WHAT NEEDS TO BE DONE: Retype exactly the lines below, starting with the line that contains "In good condition" and ending with the last line; leave out any pictures.

RECORDS FOR THE EXERCISE:
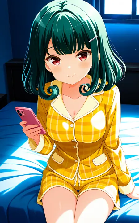 触发词:shinomiyarisa,绿发,发丝吸入,齐刘海,发夹,卷发,中长发,红眼
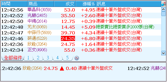 | 即時選股,提供數十種多空選股條件,於盤中即時計算,讓投資人能在第一時間掌握個股的變化,有效把握買賣點訊號。 |
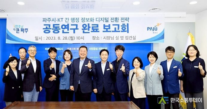 한국소통투데이 관리자 기자 | 파주시는 시민이 체감하는 행정 서비스 혁신을 위해 ㈜케이티와 ‘파주시 행정 정보화 디지털 전환(DX) 전략’을 공동연구하고, 28일 완료 보고회를 개최했다.
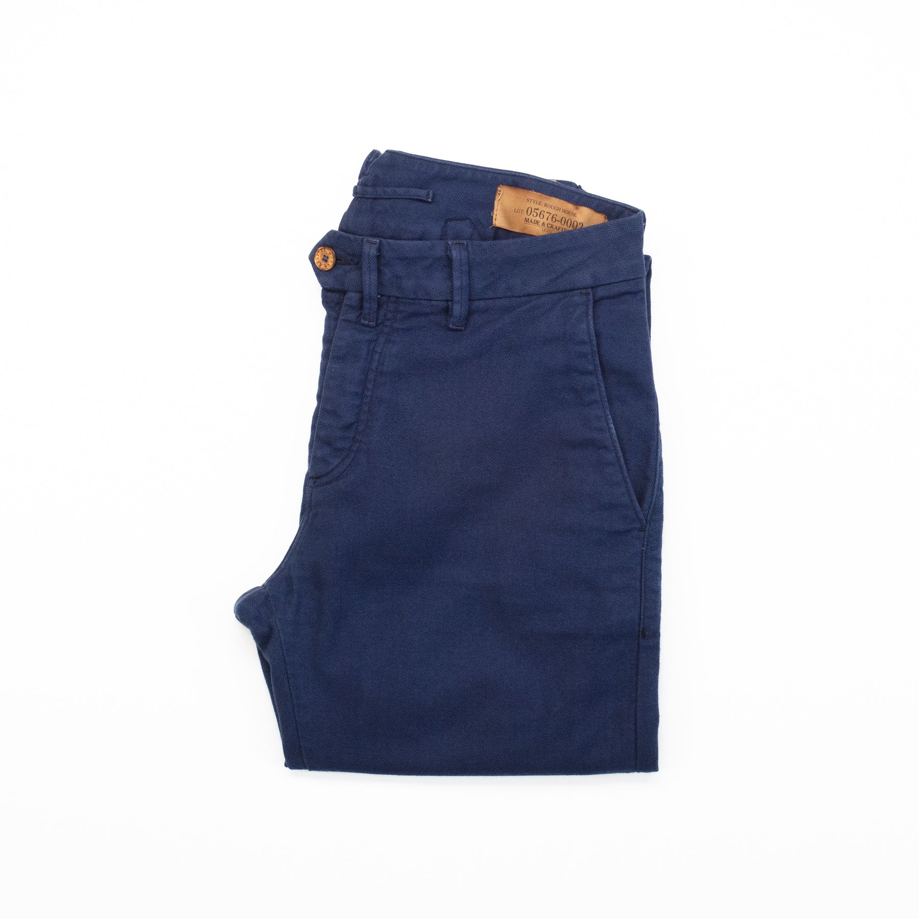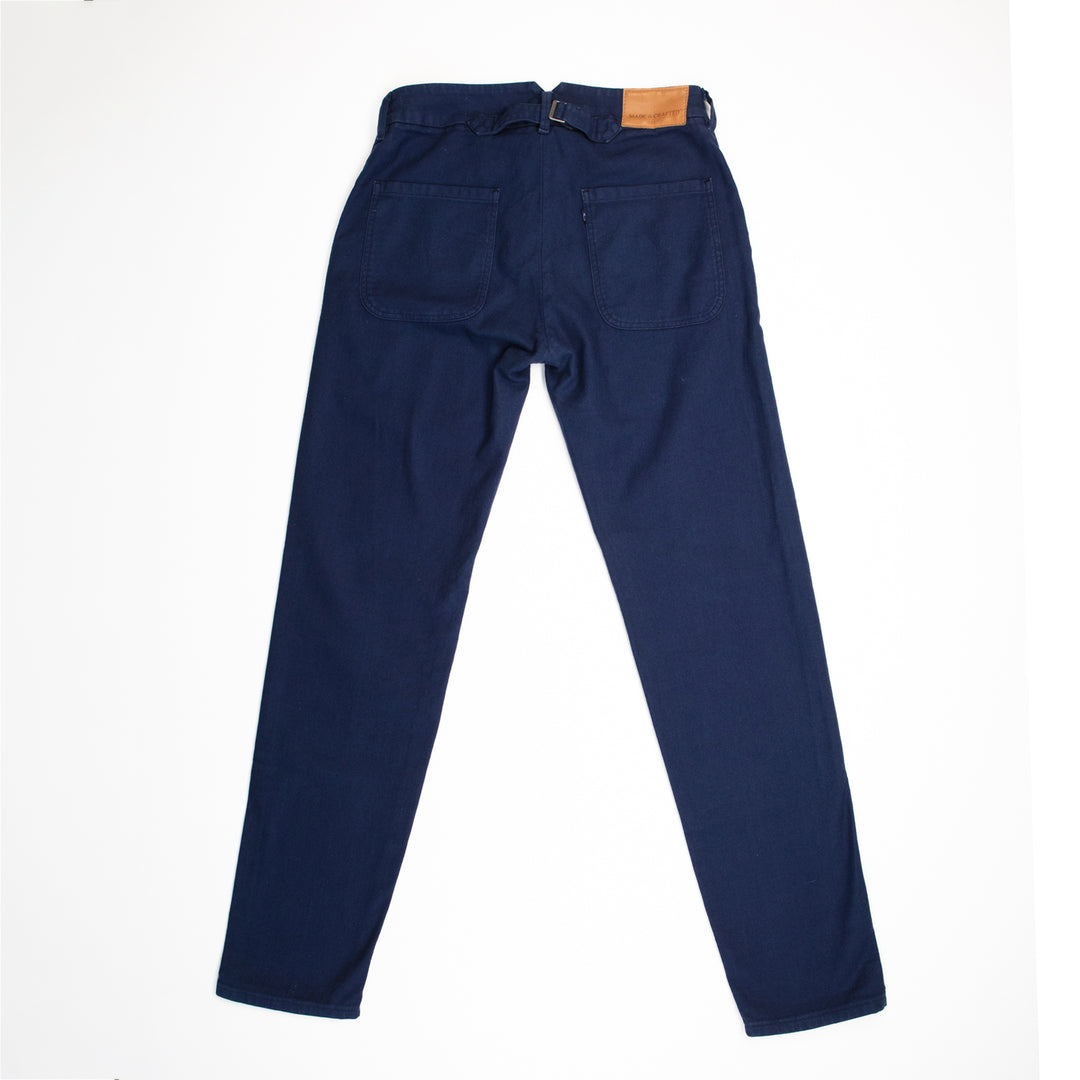 In good condition with careful wear, a pair of navy HBT chinos in a brushed flannel.
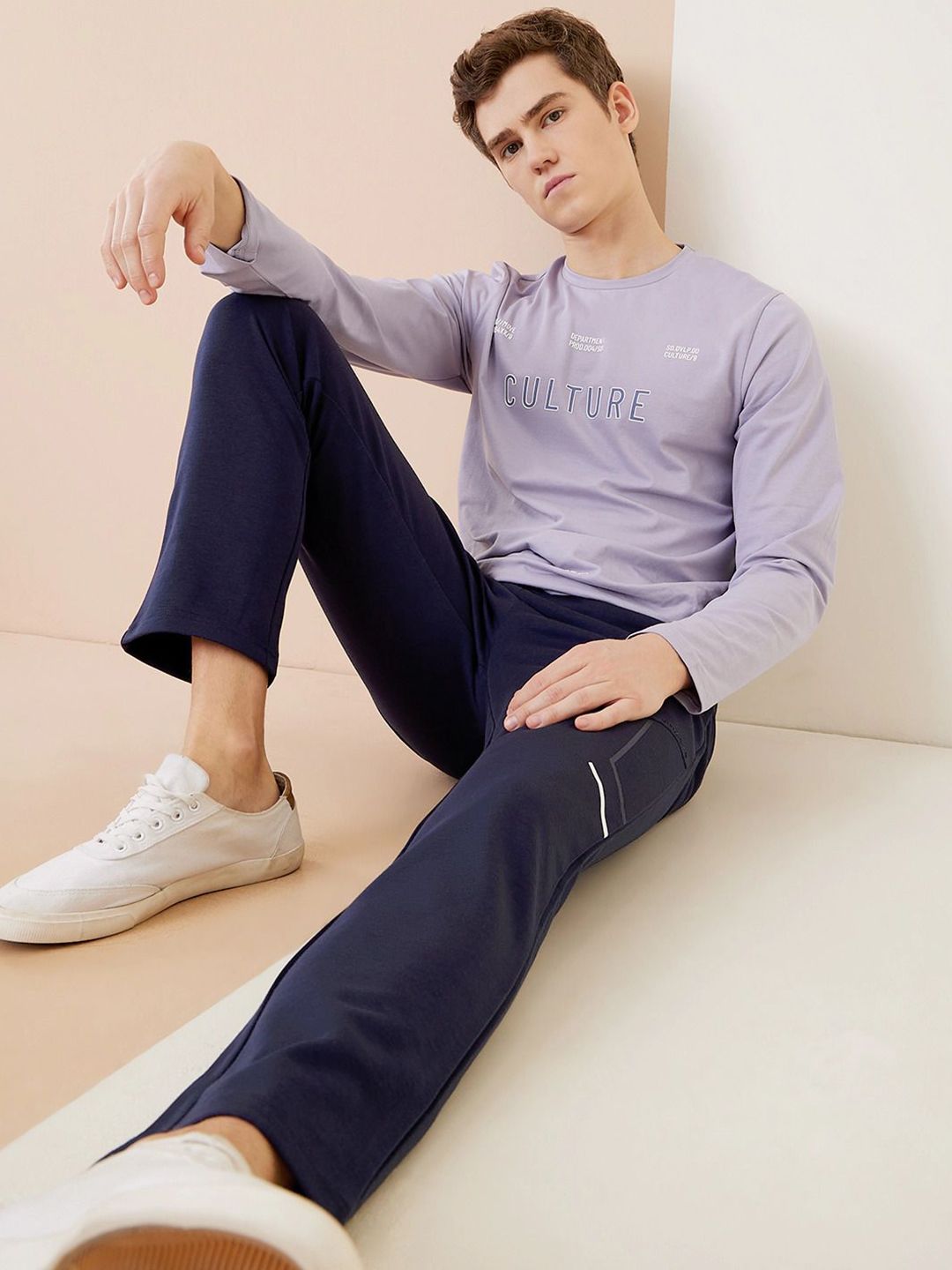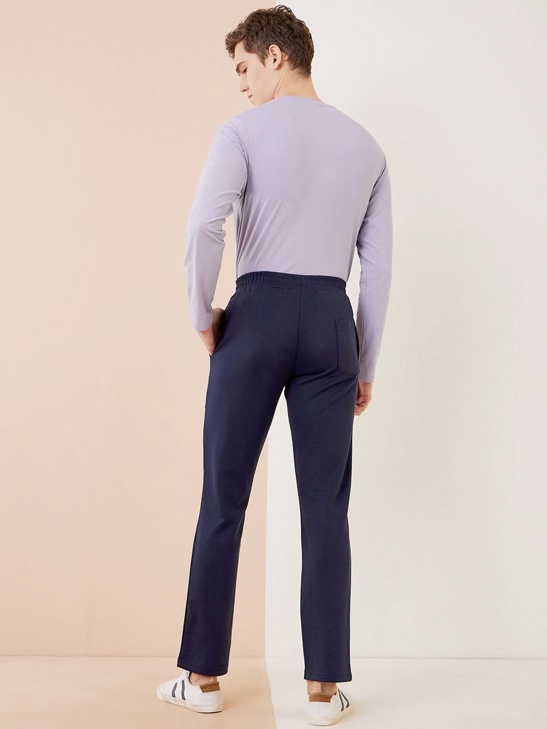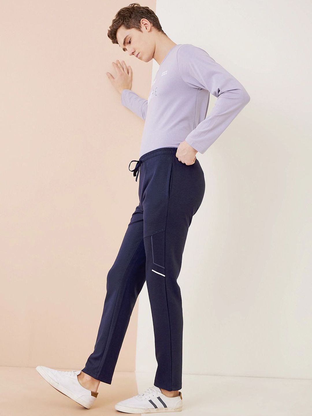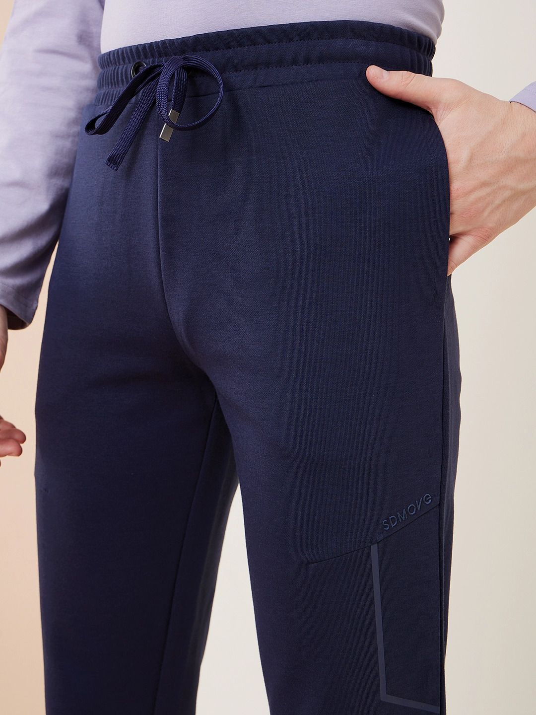 Navy Blue solid regular-fit mid-rise track pant with print detail, has an elasticated waistband with drawstring closure and two pockets

OUTPUT FOR THIS TASK:
 In good condition with careful wear, a pair of navy HBT chinos in a brushed flannel.
 Navy Blue solid regular-fit mid-rise track pant with print detail, has an elasticated waistband with drawstring closure and two pockets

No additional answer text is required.